GreekTown Banners and Logo
649 Danforth Avenue
In 1981, the burgeoning GreekTown community along the Danforth held a design competition for students at Danforth Technical School to design a logo for the Danforth Village. The design by Helen Palopoulos, highlighting Doric columns and laurel leaves, traditional of ancient Greek culture, was chosen. Her designs were painted on the light standards along the street, as well as banners that were hung throughout the neighbourhood.

'My Big Fat Greek Wedding' Filming Locations
439 Danforth Avenue
When 'My Big Fat Greek Wedding' hit theatres in 2002, many Torontonians may recall seeing the characters in the movie visiting several places along Danforth Avenue. While the Mount Olympus Travel Agency may only have existed in the film, the storefront is still visible (although without the travel signs). Other neighbourhood landmarks appeared in parts of the film, and can still be seen today along this stretch of the city.

Model Theatre
417 Danforth Avenue
The 1914 Model Theatre (later the Grenada) was a 500 seat neighbourhood cinema. These small theatres were far less fancy than a traditional stage theatre, as patrons were there to see the film, not the architecture. Technicolor films were introduced in 1917, which further spurred interest in the cinema ('talkies' introduced sound to film a decade later). Visits to the theatre in the early twentieth century were an all afternoon affair, with matinee programming running up to four hours, including two films (an 'A' and 'B' picture), trailers, newsreels, cartoons, and a weekly serial short film. Although no longer operating as a theatre, the distinctive Victorian architecture at the top of the building hints at its early origins.

St. Barnabas Church
361 Danforth Avenue
This late Victorian church was built in the early twentieth century as a more permanent structure for the congregation. The original section of the building was completed in 1910. With the completion of the Prince Edward Viaduct in 1918, the community of the east side of the river was growing. The parish hall was added in 1919, and the final sections completed a few years later. St. Barnabas Church was originally a small congregation in a somewhat rural part of the city. Today, it sits in a busy city with a diverse community inside and outside the church.

Danforth Music Hall
147 Danforth Avenue
Brothers Jules and Jay Allen opened the Allen's Theatre in 1919, a 1,600-seat cinema originally screening silent films accompanied by vaudeville acts.
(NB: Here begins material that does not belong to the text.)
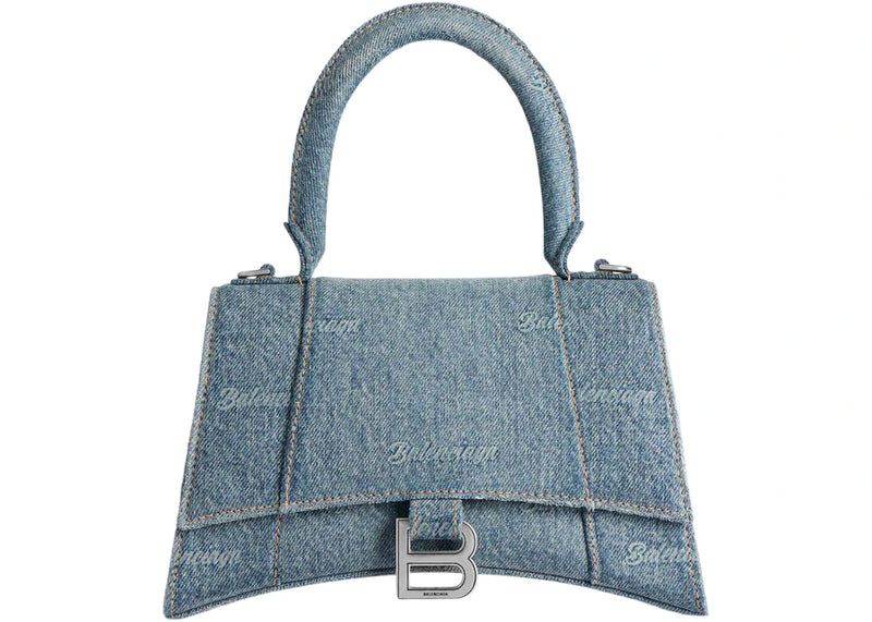 Balenciaga Women's Hourglass Small Handbag Girly Allover Denim

In the 1970s, it began hosting live shows with performances by music legends like James Brown, The Clash, The Police and The Ramones. Renamed the Danforth Music Hall in 1978, it was a popular entertainment venue until it closed in 2004, due to disrepair and financial problems. The building was renovated and reopened in 2011 and has since hosted some of the biggest names in music and entertainment, including Billy Bragg, Dave Chappelle, FKA Twigs, Iggy Azalea, Justin Bieber, Metric, Rihanna, Run The Jewels and RuPaul's Drag Race. 'Chicago' and 'How to Lose a Guy in 10 Days' were also filmed at the theatre. Make sure to look for the stylized 'AT' (Allen's Theatre) inscription above the windows on the front of the building.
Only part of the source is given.